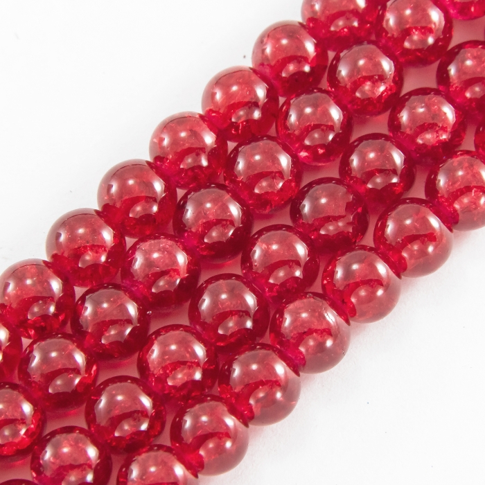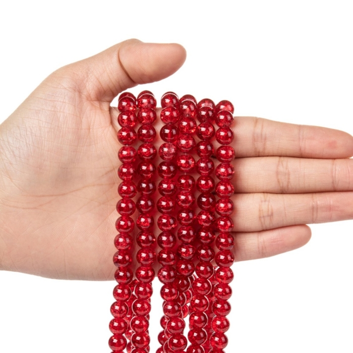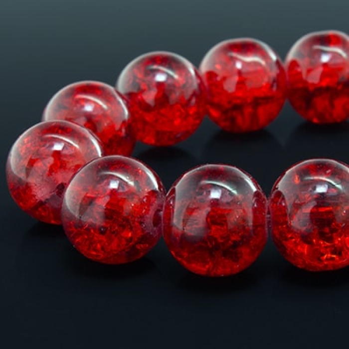 Бусины Стеклянные Кракле "Битое Стекло" Круглые, Красный, 8мм, Отверстие 1мм, около 95шт/76см/нить, (УТ0002912)
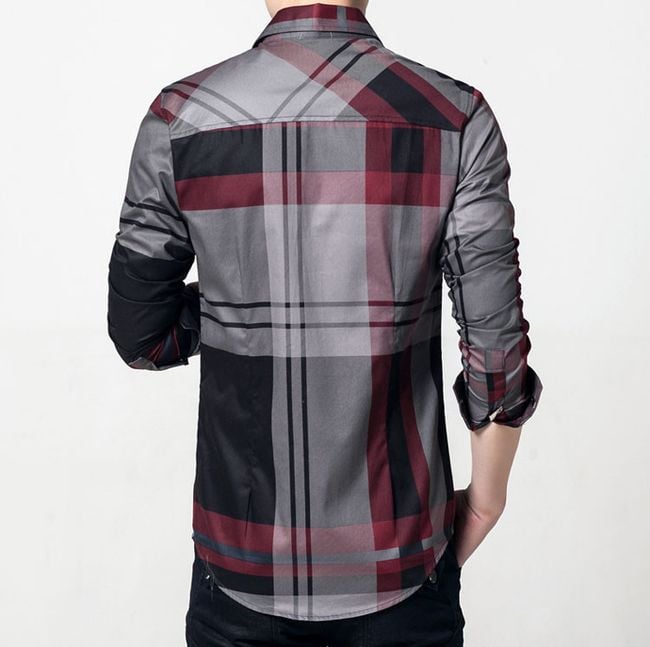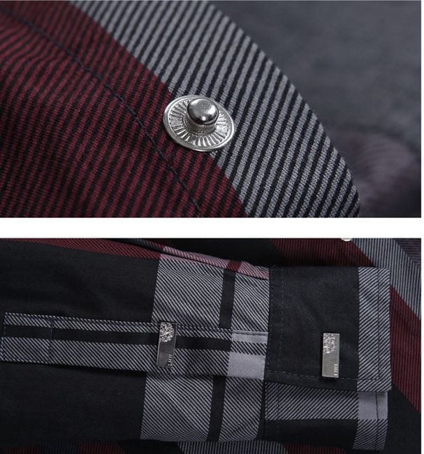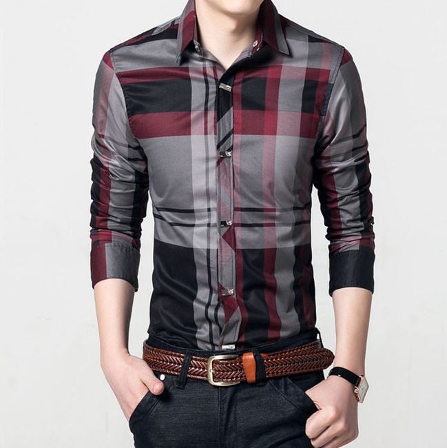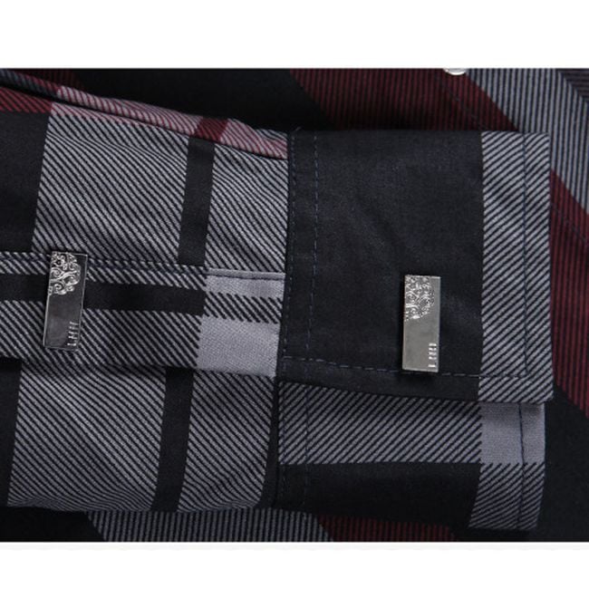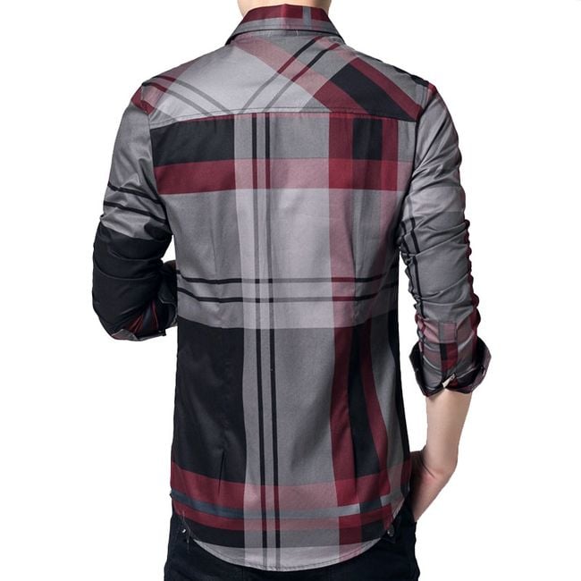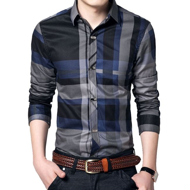 Men's checkered shirt fastens with rectangular buttons. Available in two colour options and several sizes.
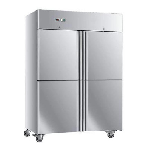 This commercial four-door refrigerator operates on 240V, 50 Hz. Features durable stainless steel body construction and four wheels for mobility.
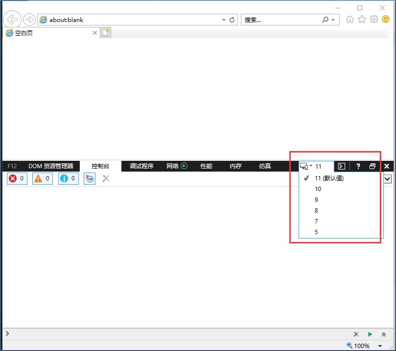 r打开IE浏览器,点击“F12”键,会出现浏览器模式设置,要求此处设置的版本必须与浏览器实际版本一致。
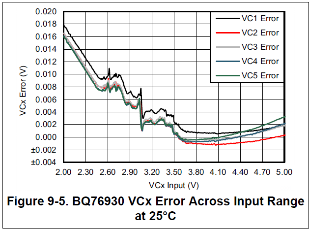 「(Google翻訳)BQ76930では電圧の歪みによりデータに不連続性が生じることがあります。セル電圧が変化すると誤差が増加し、その後、報告値が突然追いつきます。これは、データシートの8.7「標準特性」の図2にあるセルVCx誤差プロットの不連続性に表れています。」
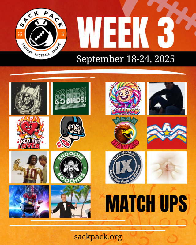 After a Week 2 filled with upsets, heartbreakers, and Yahoo projections that aged worse than milk in the sun, the Sack Pack turns the page to Week 3. Matchups are heating up, rivalries are brewing, and some teams already look desperate for redemption.

◆ Work order ◆
Restate the full listing verbatim and drop every picture.

◆ Exercise result ◆
 Бусины Стеклянные Кракле "Битое Стекло" Круглые, Красный, 8мм, Отверстие 1мм, около 95шт/76см/нить, (УТ0002912)
 Men's checkered shirt fastens with rectangular buttons. Available in two colour options and several sizes.
 This commercial four-door refrigerator operates on 240V, 50 Hz. Features durable stainless steel body construction and four wheels for mobility.
 r打开IE浏览器,点击“F12”键,会出现浏览器模式设置,要求此处设置的版本必须与浏览器实际版本一致。
 「(Google翻訳)BQ76930では電圧の歪みによりデータに不連続性が生じることがあります。セル電圧が変化すると誤差が増加し、その後、報告値が突然追いつきます。これは、データシートの8.7「標準特性」の図2にあるセルVCx誤差プロットの不連続性に表れています。」
 After a Week 2 filled with upsets, heartbreakers, and Yahoo projections that aged worse than milk in the sun, the Sack Pack turns the page to Week 3. Matchups are heating up, rivalries are brewing, and some teams already look desperate for redemption.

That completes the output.